Results of the survey indicate that the majority of stakeholders perceived a disconnect between the stated political goals of sustainability and actual policies on the ground.
An overwhelming 88 per cent of respondents cited the long-standing problem of financial short-termism as the most important barrier for developing sustainability-focused business models; with some investors exploiting the rise in demand – driven by resource scarcity – to push prices up.
65 per cent of respondents cited inefficient regulatory regimes as key barrier; referring to regulations that inhibit change, combined with lack of regulation that encourages more sustainable practices.
Similarly, 65 per cent of those surveyed indicated that the low level of awareness of the sustainability imperative among business leaders was a significant barrier.
If more business leaders and executives developed better understanding of the risks and opportunities that issues such as human rights, climate change, and water scarcity represented to their business, the pace of the transition would significantly increase.

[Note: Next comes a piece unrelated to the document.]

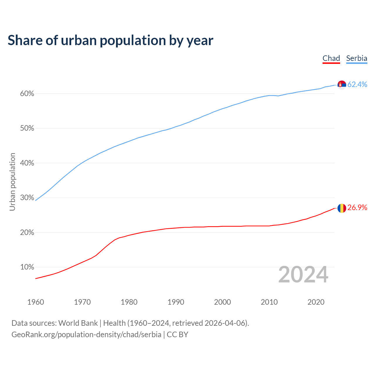 From 2004 to 2024, the share of urban population changed from 21.7% to 26.9% in Chad and from 57.3% to 62.4% in Serbia.

The lack of formal international standards represented another barrier.
International guidelines and standards such as the Global Reporting Initiative (GRI) and the ISO 26000 Social Responsibility Standards are being widely adopted by major corporations around the world, albeit on voluntary basis.

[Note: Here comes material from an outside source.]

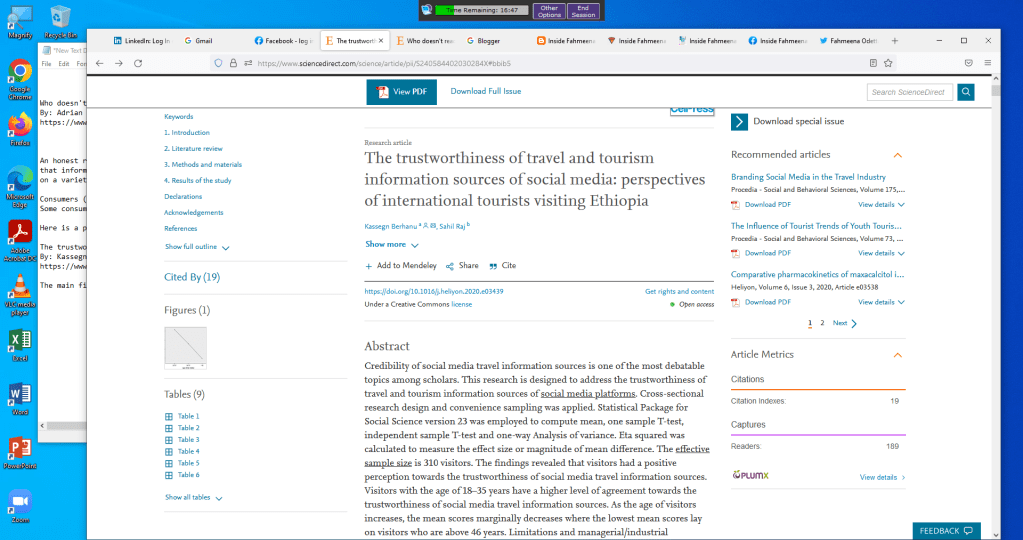 Here is a paper that researched how much international tourists trust travel information available on social media:

These leading businesses are now calling for mandatory social and environmental reporting to drive up performance and create fair market advantage.
The Way Forward: An Action Plan for Business
Experts recommend businesses to adopt a set of transformative actions to help drive the transition to the green economy by:
Driving policy change in support of responsible business investment.
Encouraging stakeholder and employee engagement.
Establishing sustainability as a core governance issue on the board agenda and communicate its value to investors and consumers.
Enhancing resilience and business growth by adopting valuation techniques that go beyond monetary valuation to adequately capture the value of human, social and natural capital.
Creating incentives and mechanisms to embed sustainability within the company’s culture.
According to the report, the successful transition to the green economy over the long term will require new skills, diverse collaborations, continuous innovation, investment s with uncertain return and a change in market values.
Companies, like governments, will need to choose wisely if they are to capitalize on the opportunities ahead.
The gathering of leaders from government, business and civil society at the Rio+20 UN Conference on Sustainable Development presents a historic opportunity to accelerate the transition to a Green Economy. While public policy is an essential ingredient in making the Green Economy a reality, it is the actions of the private sector that will ultimately determine the pace and shape of the transition.